The day I felt no movement, heard no heartbeat, delivered a lifeless daughter, and buried her. A whole month when my body could not seem to get warm, stay warm, even wearing a winter coat indoors. Now their arrival is barely noticeable. Memories just descend in quiet moments, like a blanket of leaves.
I'm driving home from work, and suddenly she is with me, and I am back there, reliving a thought or a feeling, a moment that was key to her passing. I might even find myself mentally cradling her little head again. Sometimes I'm surrounded by her presence and the sweetness of it moves me to tears. Other times I see an eight-year-old girl and think, instead of baptizing our daughter, we had a baptism by fire.
Last night there was a woman who reminded me of my mother. It was also an October when my mother realized she would, in fact, die. Resigned. And told me so. No pink ribbons could possibly make me any more aware, and the irony is certainly not lost on me. In October.

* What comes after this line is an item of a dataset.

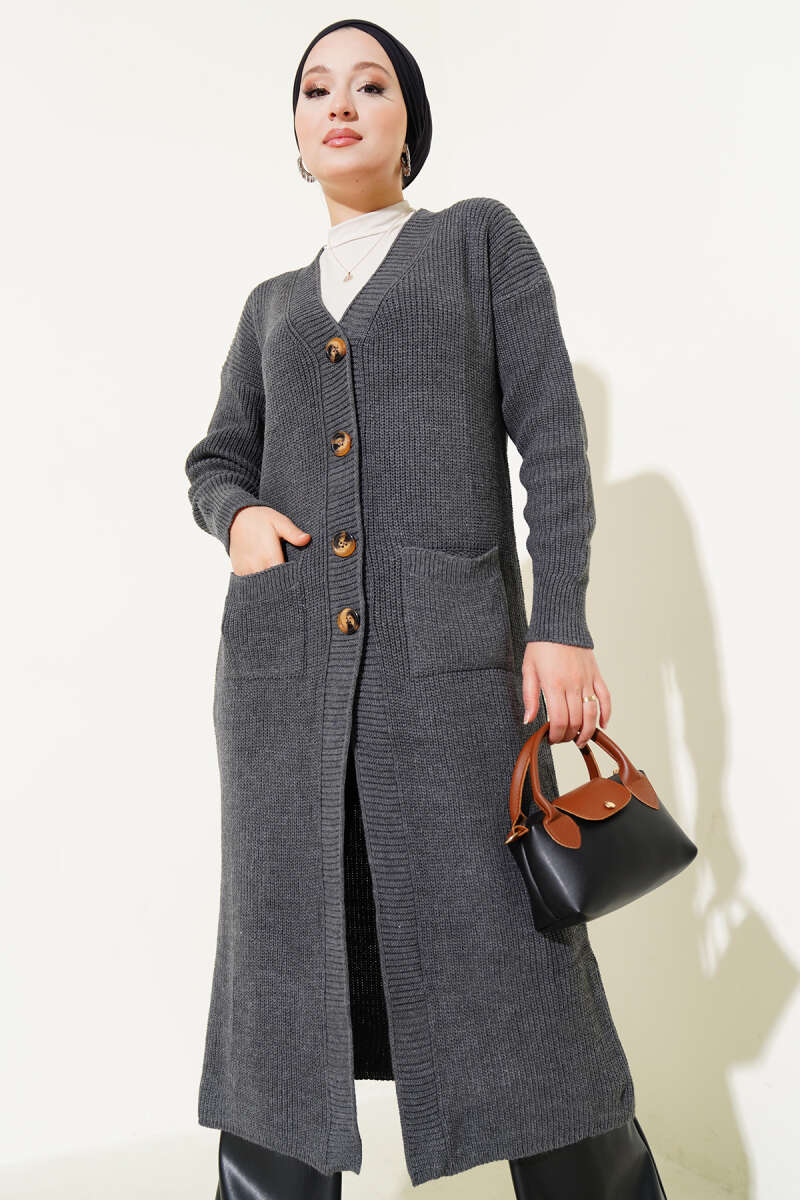 Düğmeli Cepli Uzun Triko Hırka Füme

Sometimes, in October, my feet are so heavy they scarcely move. Sometimes, in October, it is really hard to get out of bed in the morning. And hard not to go back there after the kids go to school. Sometimes, in October, I need to bury myself in a book, escape into someone else's story. Sometimes, in October, my eyes well up with tears with no warning at all, triggered by the most fleeting gesture or thought.
Don't worry about me. I'm okay. I've made it through lots of Octobers, and I'll make it through countless more. But if you see me and my smile's not quite as bright, or my step doesn't seem as light, if the look in my eyes feels distant or my brain acts a little fuzzy...it's not personal. It's just that I'm having an October moment. Or maybe a whole October day. Because sometimes October breaks my heart.
That said, I know that a broken heart ultimately pairs up with a contrite spirit, leading us Home. It's the sacrifice He requires from us. And in that perspective it seems like a very small a price to pay.